When she phoned the operations room the next morning, she couldn't help but sigh inside when it was Fraser Toshney, one of the DCs, who answered. She guessed he'd
have to do.

‘Fraser, meet me in the car park in about ten minutes. Never mind why. We're going to do some visiting. We're going to start at the Rosewood Hotel.'

‘The down-and-outs' place? Really?' He didn't sound best pleased.

‘Yes, really. And after that maybe every shop doorway between here and Dumbarton. And, Fraser? Take that moaning look off your face. Don't think I can't see it.'

‘Yes, Boss.'

Chapter 8

Sunday morning

Remy was off work. He'd managed less than half a day collecting trolleys at the store before declaring himself sick. And he was, just not in any way he could explain to
them.

He'd probably always known that his hobby would get him into trouble one day. Going in places he shouldn't. Climbing up things he shouldn't. That's why the word
shouldn't
had been in there. And that's why he'd always done it.

Now he was paying the price. His old man had always said that nothing was free in this world. There was an old coffee table in his dad's front room that he'd ‘got free'
by collecting Kensitas Club coupons that came with his cigarettes and then exchanged at the shop in Cambridge Street. Of course, it wasn't free at all and he paid for it by acquiring
progressive lung disease. Not much of a deal really.

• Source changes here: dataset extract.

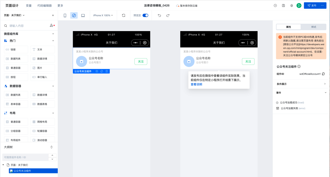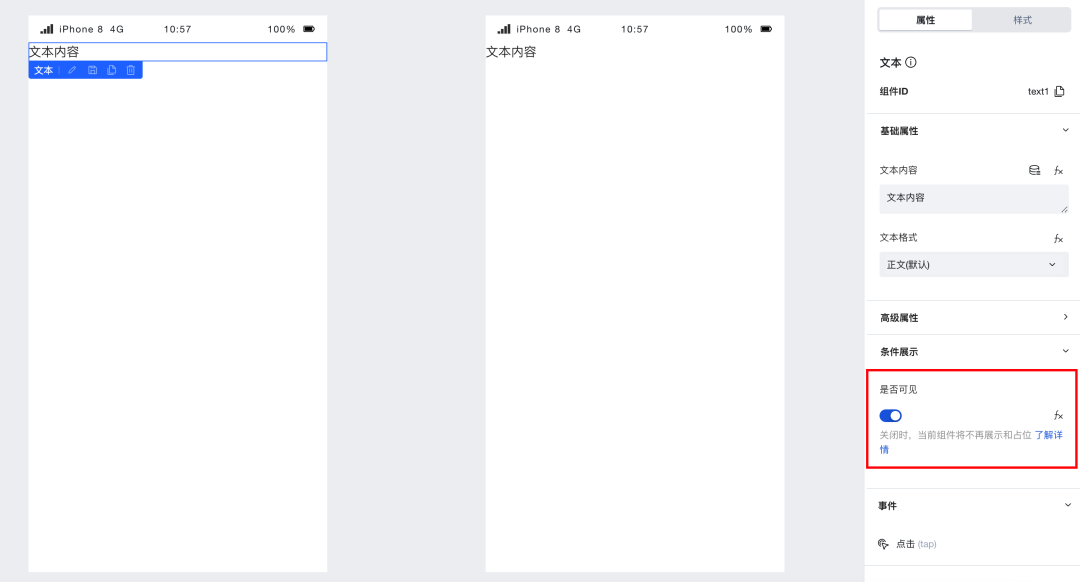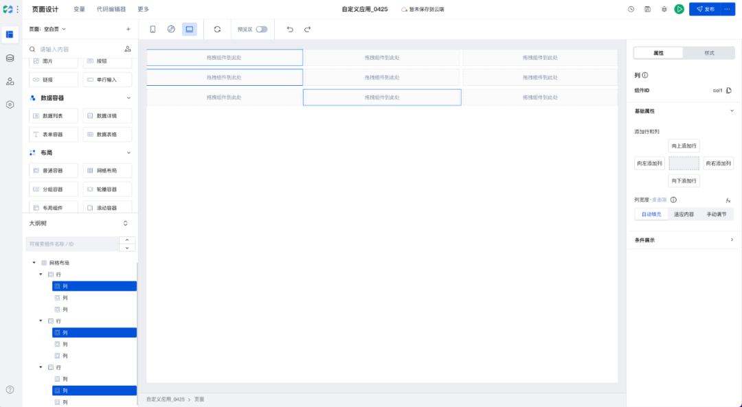 编辑器支持同时选择多个组件,并配置样式和属性,实现批量配置组件提升效率。多选快捷键鼠标按住shift键或command/ctrl键。

Remy wasn't exactly what you'd call a rebel. No marching to ban the bomb even though he thought they should, no protest against globalization or Starbucks or Nestlé or Disney.
He was more of a quiet rebel, a personal rebel, making his protest against the world by ignoring
No Entry
signs. He didn't need them to tell him what was good for him or bad for him or
whether an old building might fall on his head. It was
his
head.

Maybe loving buildings was his problem. Or loving Glasgow. Or being a bit weird. People might have thought he was odd if they knew he explored derelict hospitals, old schools or abandoned
factories but what the hell would they think if they knew he had found that fucking body?

He couldn't stop thinking about it. Every time he closed his eyes it was there, its face staring back at his. Those empty eye sockets. The chewed cheeks. That poor bugger killed down there
and left to rot. Stuck in that tunnel forever if he hadn't been down there to find him. Now the cops would be examining every bit of him.